> [Source material]:
= Beginning of Section =

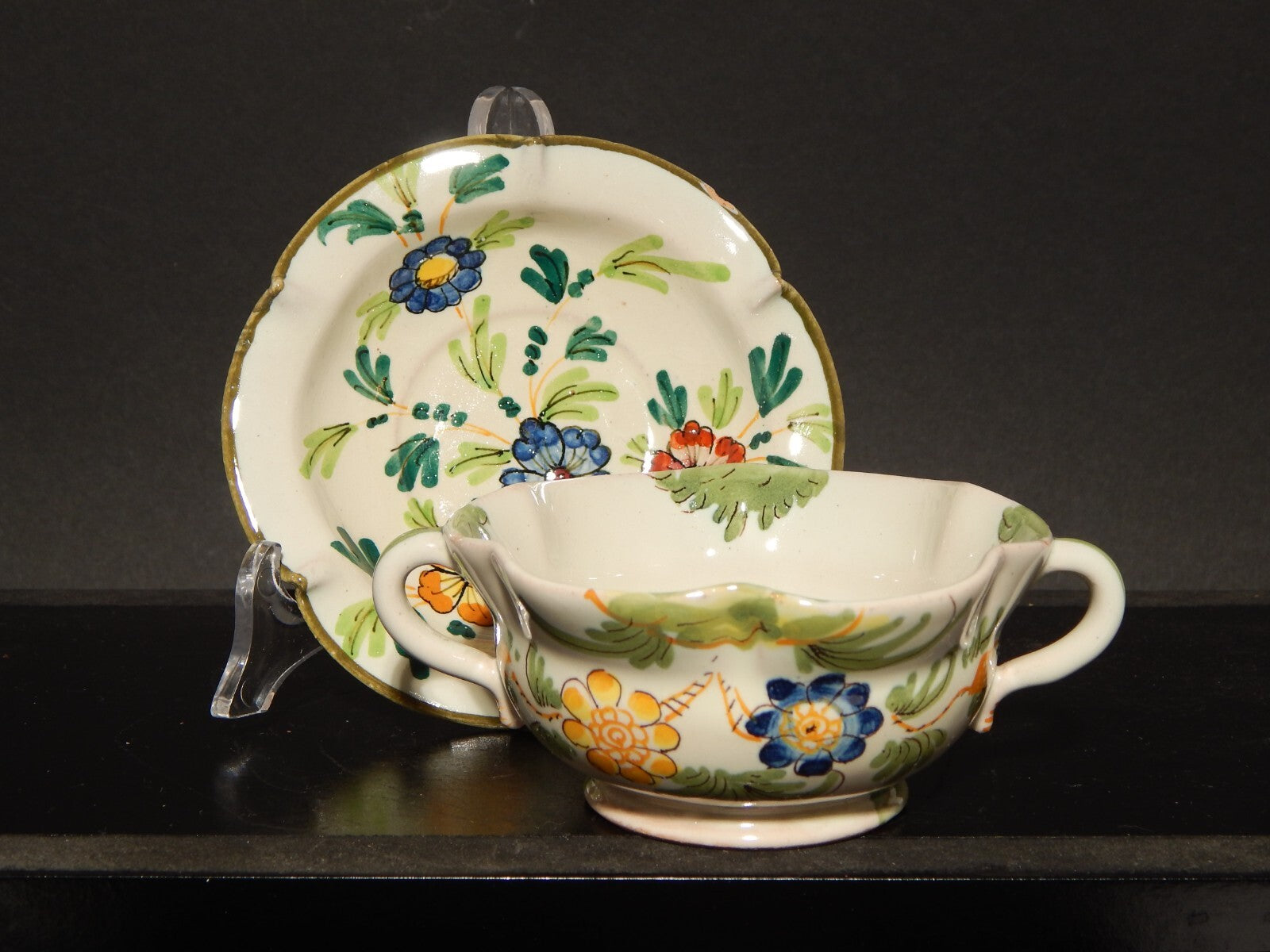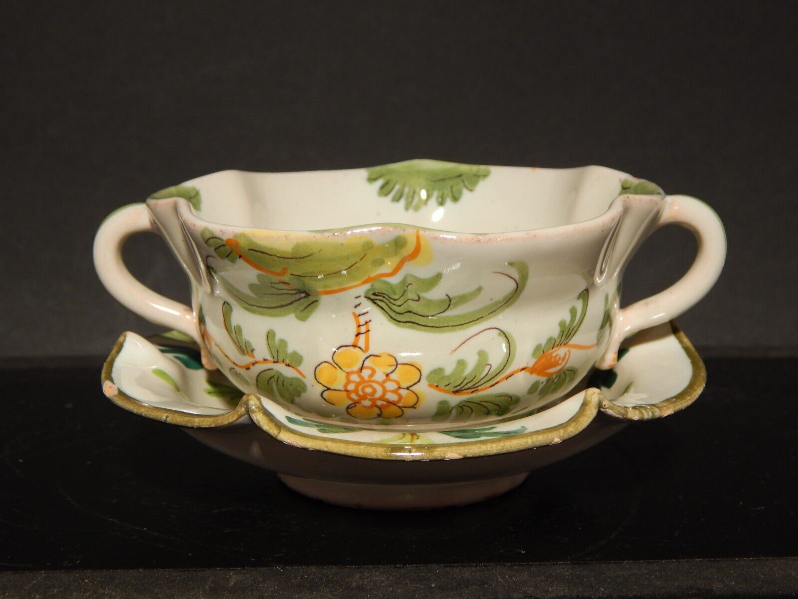In questa inserzione viene presentata un'antica zuccheriera o ciotola con relativo piattino in maiolica realizzata dalla famosa manifattura di Firenze Cantagalli con decoro a motivi floreali policromi dipinto a mano
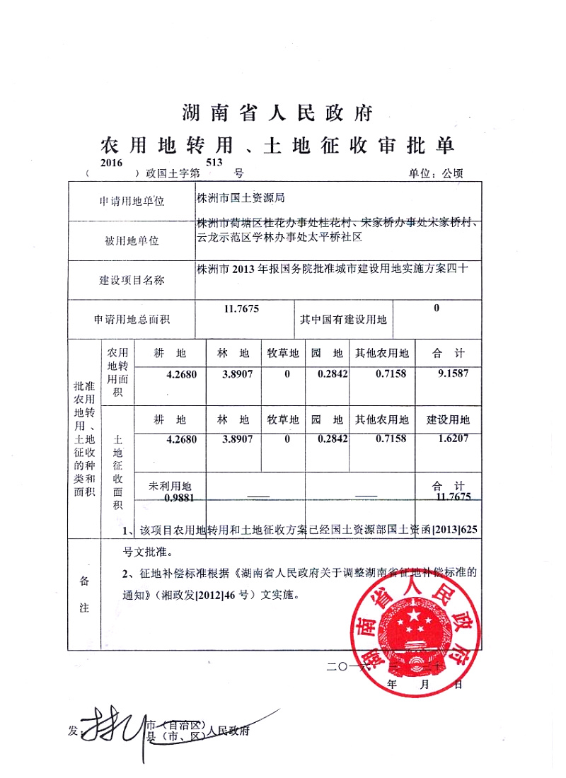 株洲市2013年报国务院批准城市建设用地实施方案四十(2016)政国土字第531号
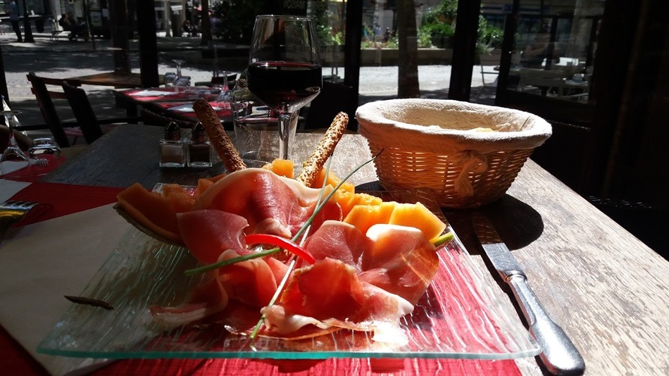 Ahhh! A gastronomia francesa e suas peculiaridades que eu tanto sou apaixonada. Uma delas é essa, a arte de misturar salgado com doce. No caso, o doce geralmente é uma fruta bem apetitosa. Uma das melhores combinações que eu provei, foi de presunto cru com aquele melão bem laranja e pão. Simples, porém perfeito e desceu bem com a garrafa de vinho tinto francês que eu estava tomando junto.
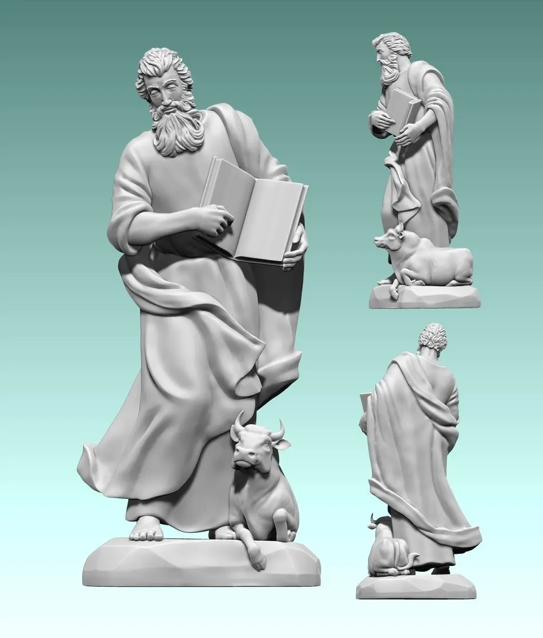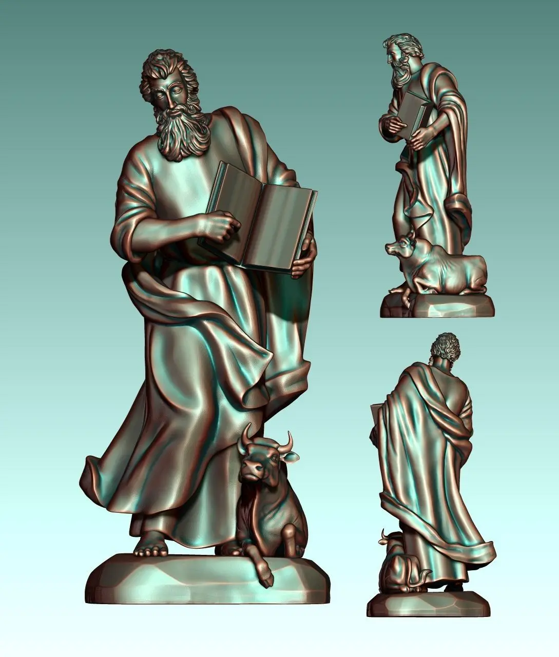 Work done in collaboration with a colleague for his carpentry. Originally designed for CNC Routing Machines. Based on classic designs of Catholic art., The model represents Lucas, one of the four evengelist. In the model I have tried to include all the symbology of the original figure, Specialy in the tunic,cape and the face ofbull.The file is ready for use, you can open it with Aspire or any CNC software. You can contact me if you find any problem.

= End of Section =

Word for word, copy every line of the data, excluding any pictures.

> [Answer section]:
In questa inserzione viene presentata un'antica zuccheriera o ciotola con relativo piattino in maiolica realizzata dalla famosa manifattura di Firenze Cantagalli con decoro a motivi floreali policromi dipinto a mano
 株洲市2013年报国务院批准城市建设用地实施方案四十(2016)政国土字第531号
 Ahhh! A gastronomia francesa e suas peculiaridades que eu tanto sou apaixonada. Uma delas é essa, a arte de misturar salgado com doce. No caso, o doce geralmente é uma fruta bem apetitosa. Uma das melhores combinações que eu provei, foi de presunto cru com aquele melão bem laranja e pão. Simples, porém perfeito e desceu bem com a garrafa de vinho tinto francês que eu estava tomando junto.
 Work done in collaboration with a colleague for his carpentry. Originally designed for CNC Routing Machines. Based on classic designs of Catholic art., The model represents Lucas, one of the four evengelist. In the model I have tried to include all the symbology of the original figure, Specialy in the tunic,cape and the face ofbull.The file is ready for use, you can open it with Aspire or any CNC software. You can contact me if you find any problem.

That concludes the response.